### [WHAT YOU NEED TO DO]
I would like the lines below, from the one with "- 適用於臉部、下顎、頸部、" through the one with "Forno 3-Piece Appliance", copied exactly and without any pictures.

☆ ☆ ☆ ☆

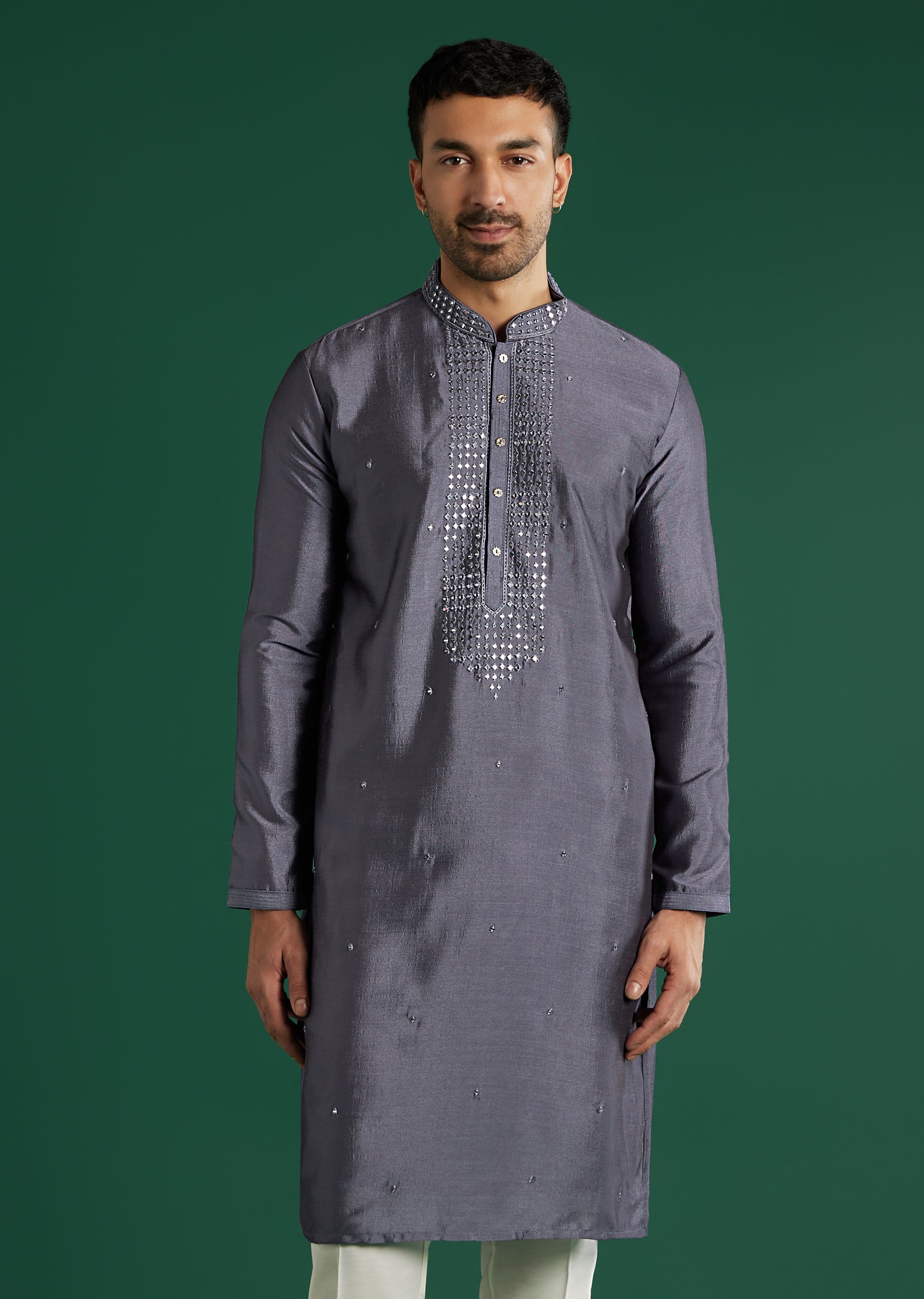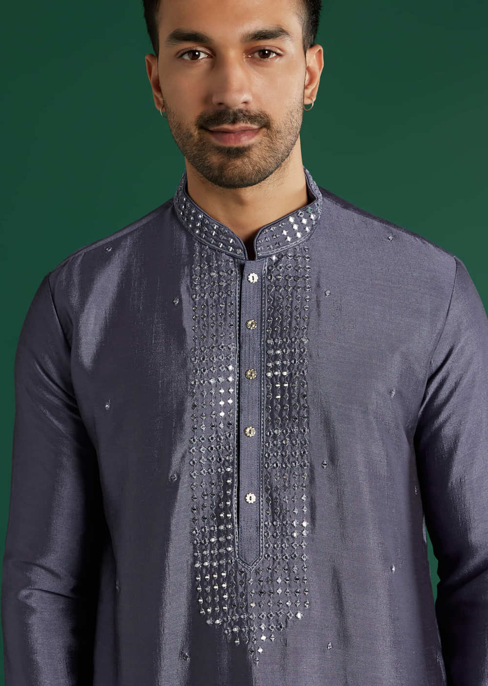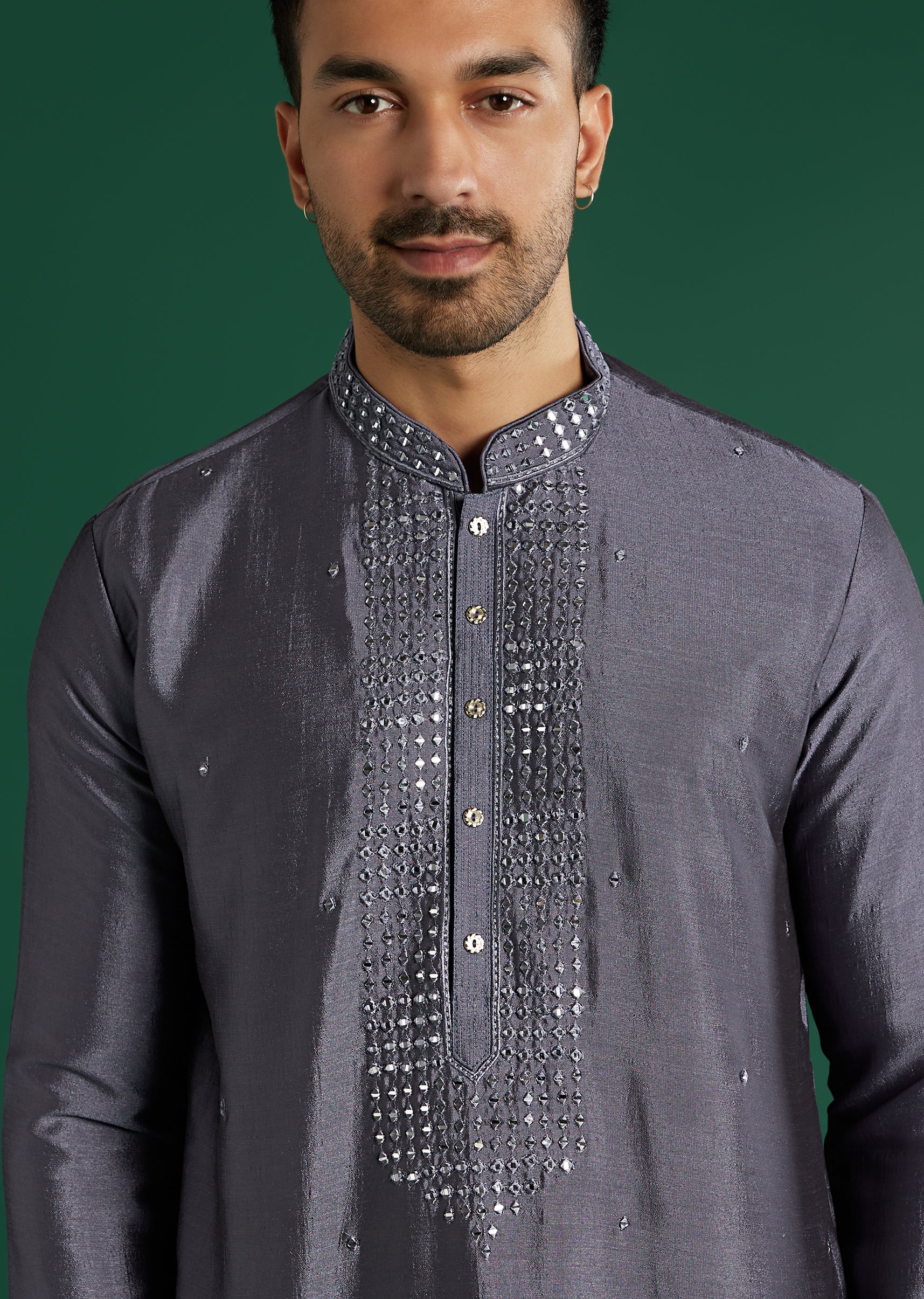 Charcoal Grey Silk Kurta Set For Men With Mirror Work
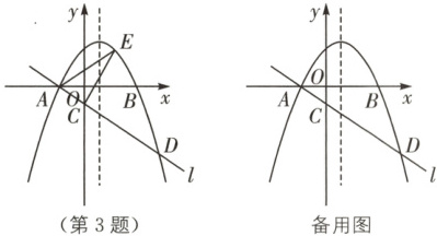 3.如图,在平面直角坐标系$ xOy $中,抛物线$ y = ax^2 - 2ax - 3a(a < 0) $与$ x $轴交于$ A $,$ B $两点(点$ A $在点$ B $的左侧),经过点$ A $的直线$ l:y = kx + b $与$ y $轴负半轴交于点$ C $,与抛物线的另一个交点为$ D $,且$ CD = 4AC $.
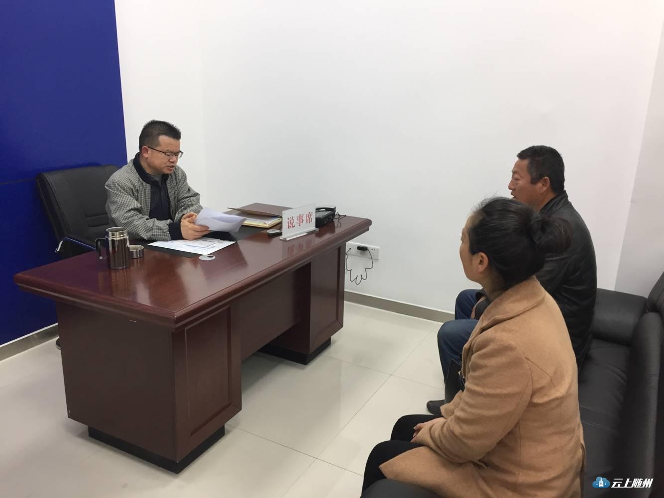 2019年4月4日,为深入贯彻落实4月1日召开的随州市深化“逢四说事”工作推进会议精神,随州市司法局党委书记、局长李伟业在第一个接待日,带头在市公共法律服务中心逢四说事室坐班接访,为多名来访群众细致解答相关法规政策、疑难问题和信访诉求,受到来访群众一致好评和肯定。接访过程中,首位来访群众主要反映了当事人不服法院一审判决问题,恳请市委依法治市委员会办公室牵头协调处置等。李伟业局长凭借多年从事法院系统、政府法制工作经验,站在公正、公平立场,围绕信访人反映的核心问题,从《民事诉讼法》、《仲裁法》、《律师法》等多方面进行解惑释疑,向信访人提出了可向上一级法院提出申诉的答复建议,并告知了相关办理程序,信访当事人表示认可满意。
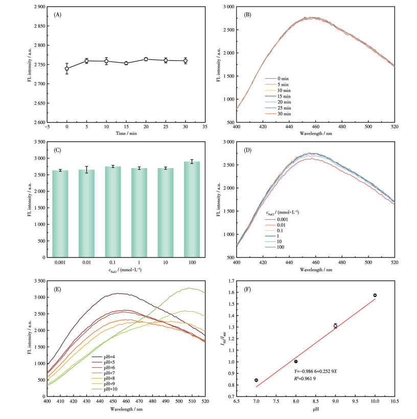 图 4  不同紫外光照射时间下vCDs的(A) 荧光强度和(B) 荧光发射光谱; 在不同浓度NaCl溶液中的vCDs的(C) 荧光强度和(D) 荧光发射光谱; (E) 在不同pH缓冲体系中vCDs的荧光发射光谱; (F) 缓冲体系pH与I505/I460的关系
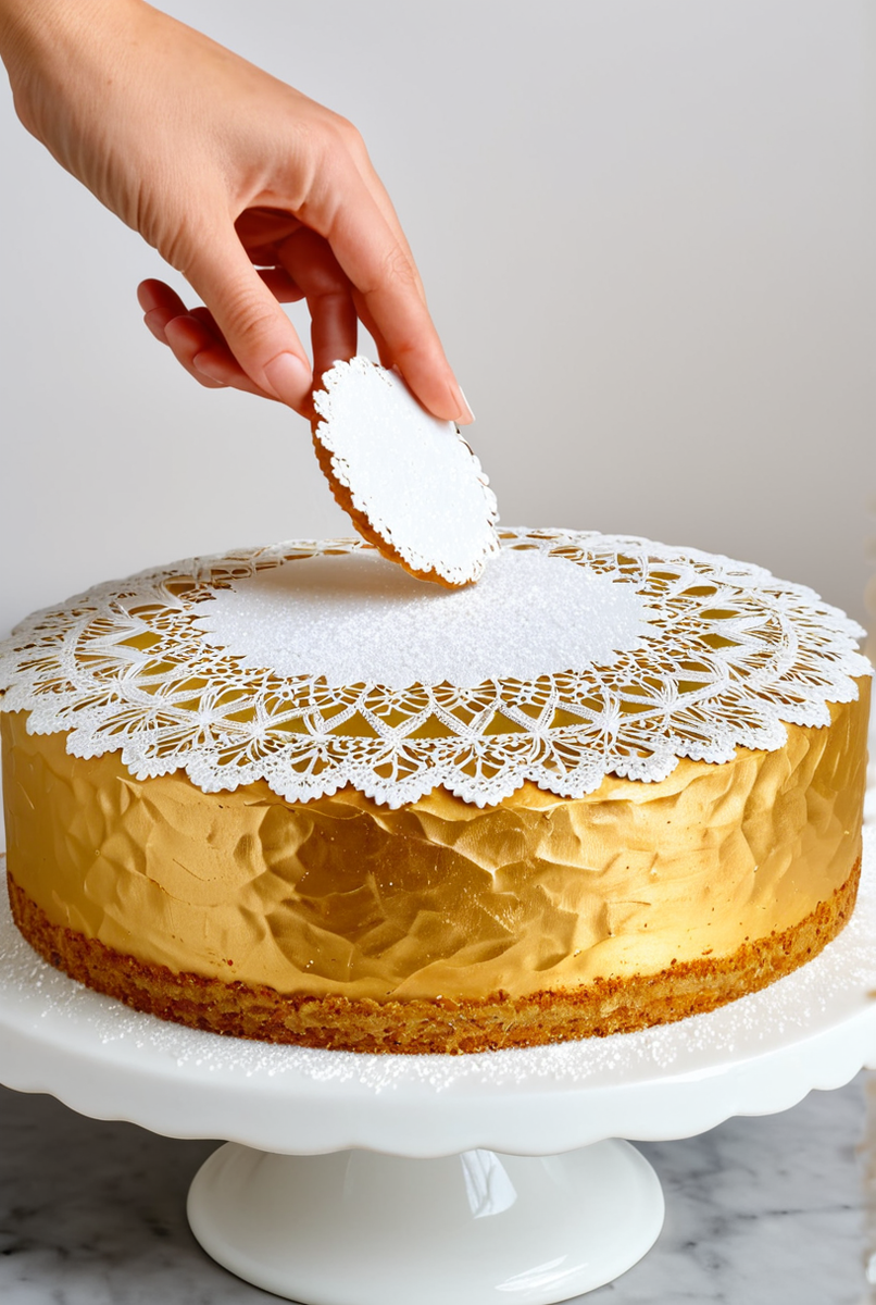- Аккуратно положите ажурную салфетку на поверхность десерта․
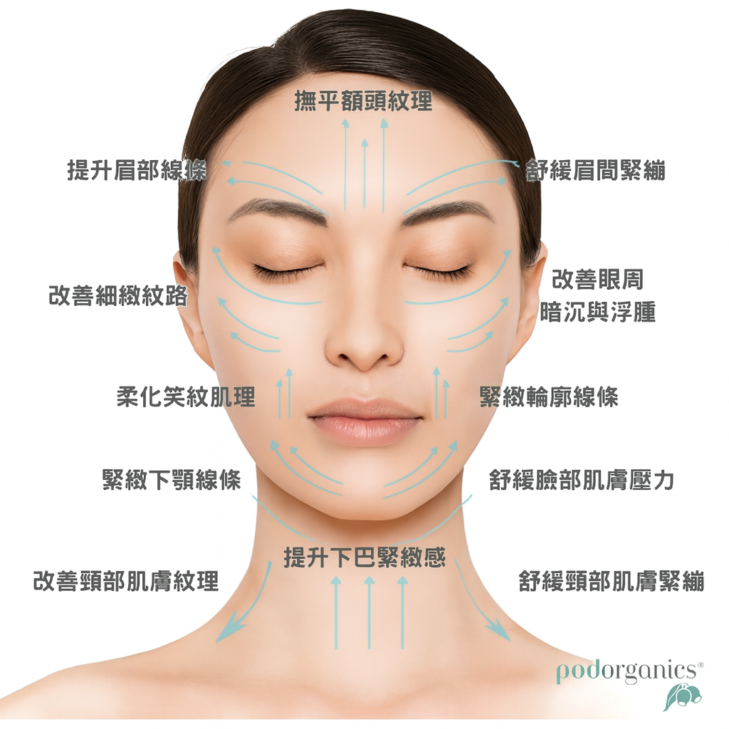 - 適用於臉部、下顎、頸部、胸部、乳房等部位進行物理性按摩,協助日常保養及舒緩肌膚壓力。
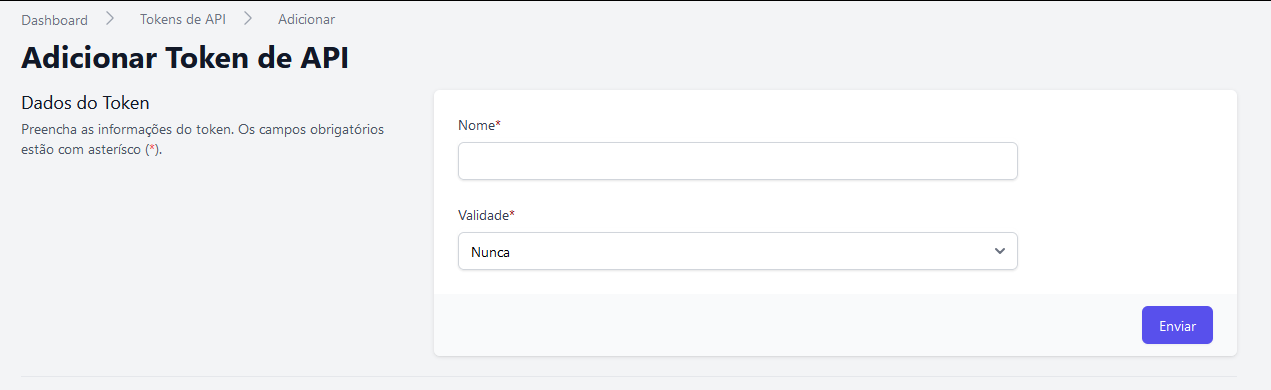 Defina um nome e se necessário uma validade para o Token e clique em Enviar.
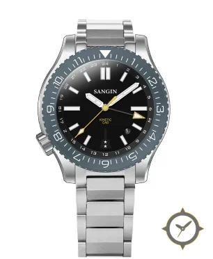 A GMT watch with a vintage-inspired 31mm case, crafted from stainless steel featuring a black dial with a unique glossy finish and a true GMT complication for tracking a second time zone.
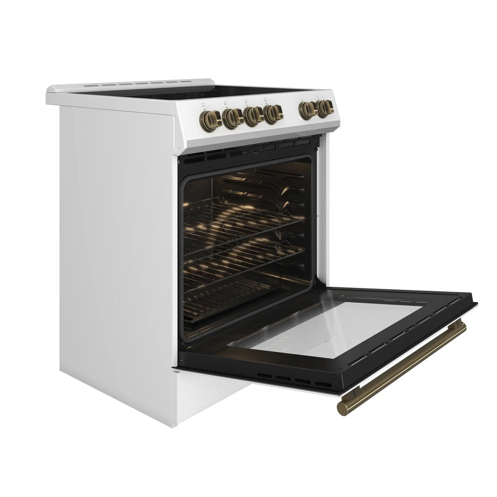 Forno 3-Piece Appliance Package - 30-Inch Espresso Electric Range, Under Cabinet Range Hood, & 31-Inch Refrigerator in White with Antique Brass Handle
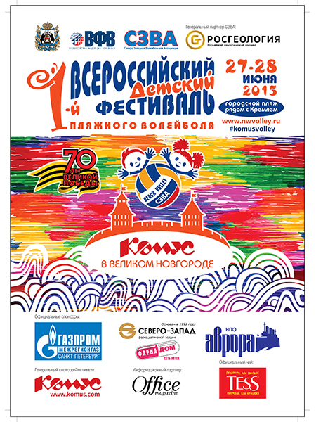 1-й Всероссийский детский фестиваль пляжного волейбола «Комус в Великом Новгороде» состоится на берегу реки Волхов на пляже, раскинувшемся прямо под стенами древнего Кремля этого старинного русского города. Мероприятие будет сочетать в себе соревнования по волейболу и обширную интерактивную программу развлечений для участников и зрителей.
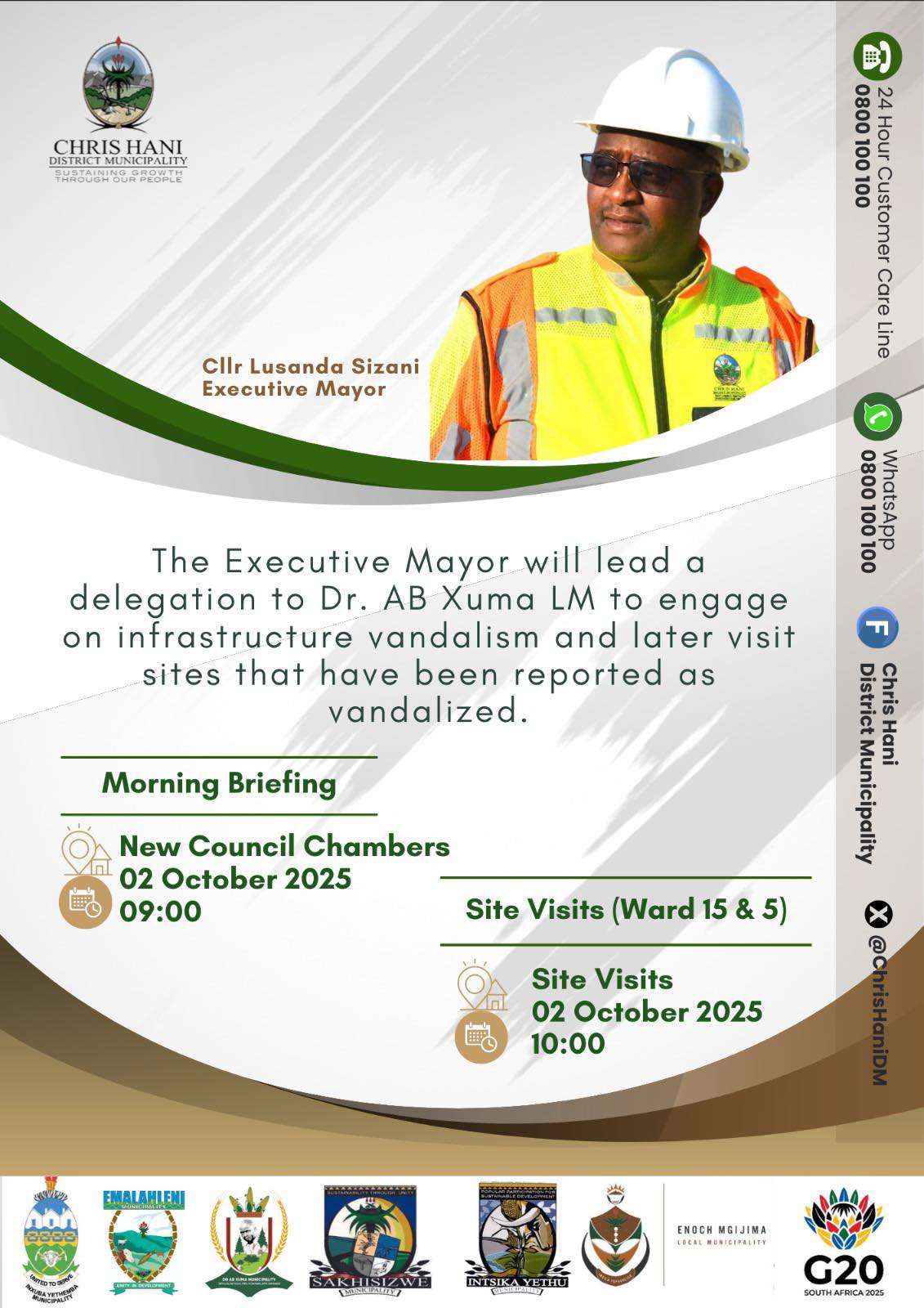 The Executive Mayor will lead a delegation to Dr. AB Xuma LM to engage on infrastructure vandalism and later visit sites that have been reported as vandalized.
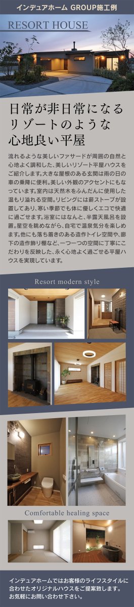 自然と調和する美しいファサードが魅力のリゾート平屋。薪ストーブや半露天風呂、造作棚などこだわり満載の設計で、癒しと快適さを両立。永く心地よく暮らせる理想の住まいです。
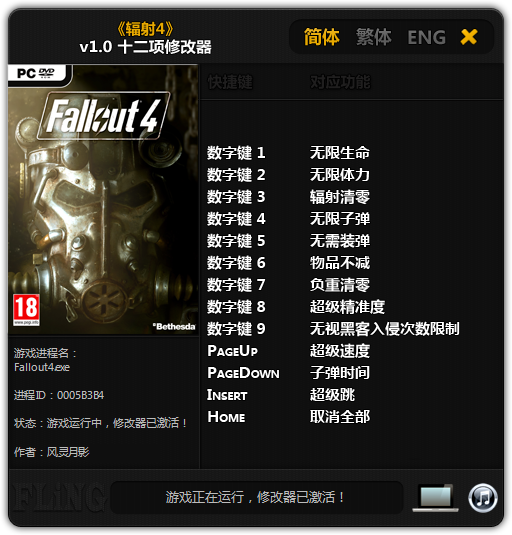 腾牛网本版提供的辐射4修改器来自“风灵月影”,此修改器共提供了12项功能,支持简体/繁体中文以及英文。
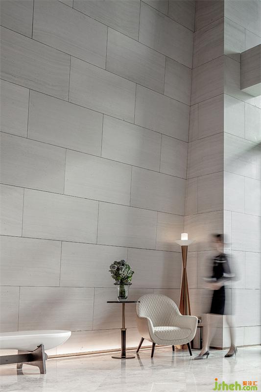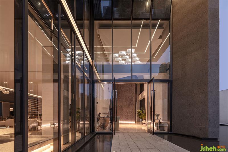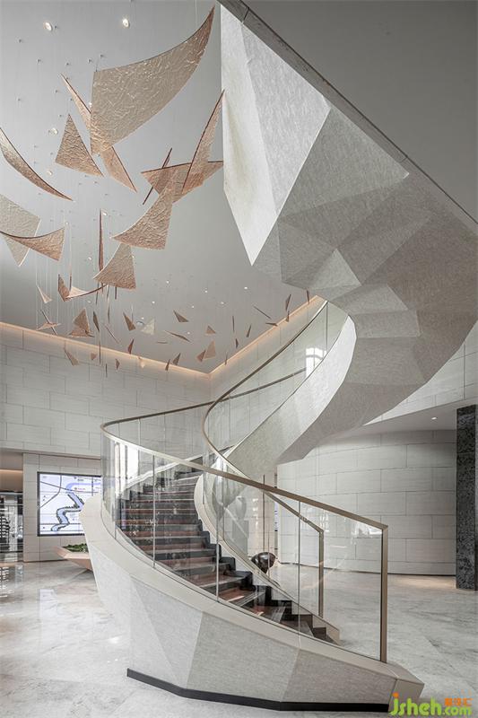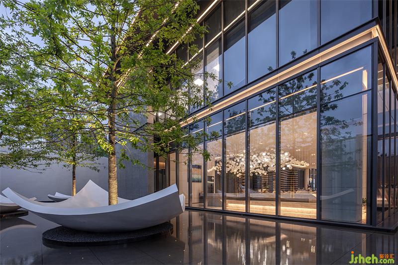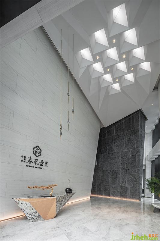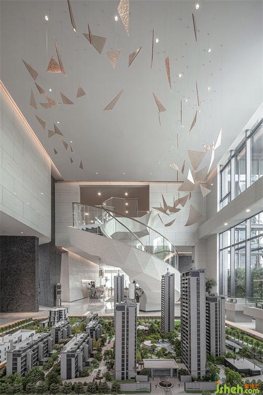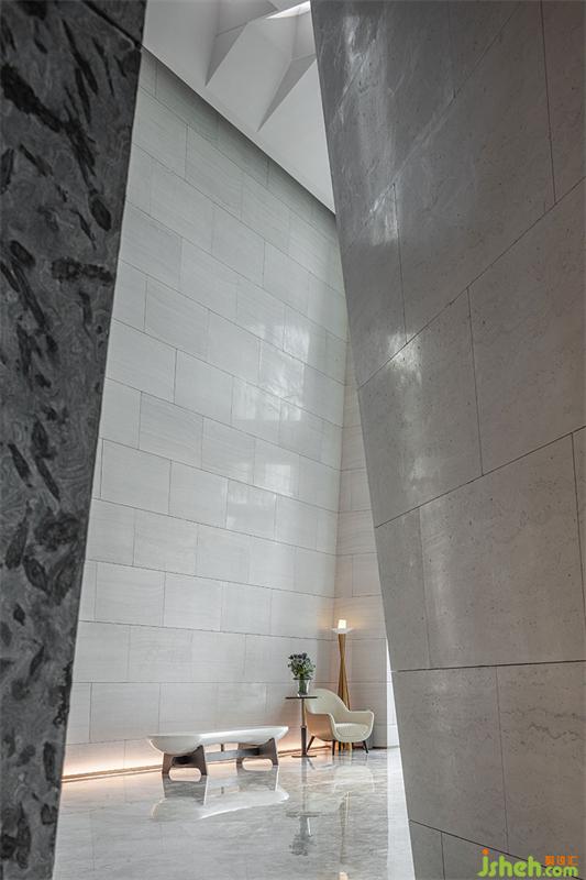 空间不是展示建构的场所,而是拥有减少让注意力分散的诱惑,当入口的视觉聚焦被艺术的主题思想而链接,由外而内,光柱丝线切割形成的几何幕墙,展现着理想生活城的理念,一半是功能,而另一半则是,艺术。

☆ ☆ ☆ ☆

### [SOLVED PROBLEM]
 - 適用於臉部、下顎、頸部、胸部、乳房等部位進行物理性按摩,協助日常保養及舒緩肌膚壓力。
 Defina um nome e se necessário uma validade para o Token e clique em Enviar.
 A GMT watch with a vintage-inspired 31mm case, crafted from stainless steel featuring a black dial with a unique glossy finish and a true GMT complication for tracking a second time zone.
 Forno 3-Piece Appliance Package - 30-Inch Espresso Electric Range, Under Cabinet Range Hood, & 31-Inch Refrigerator in White with Antique Brass Handle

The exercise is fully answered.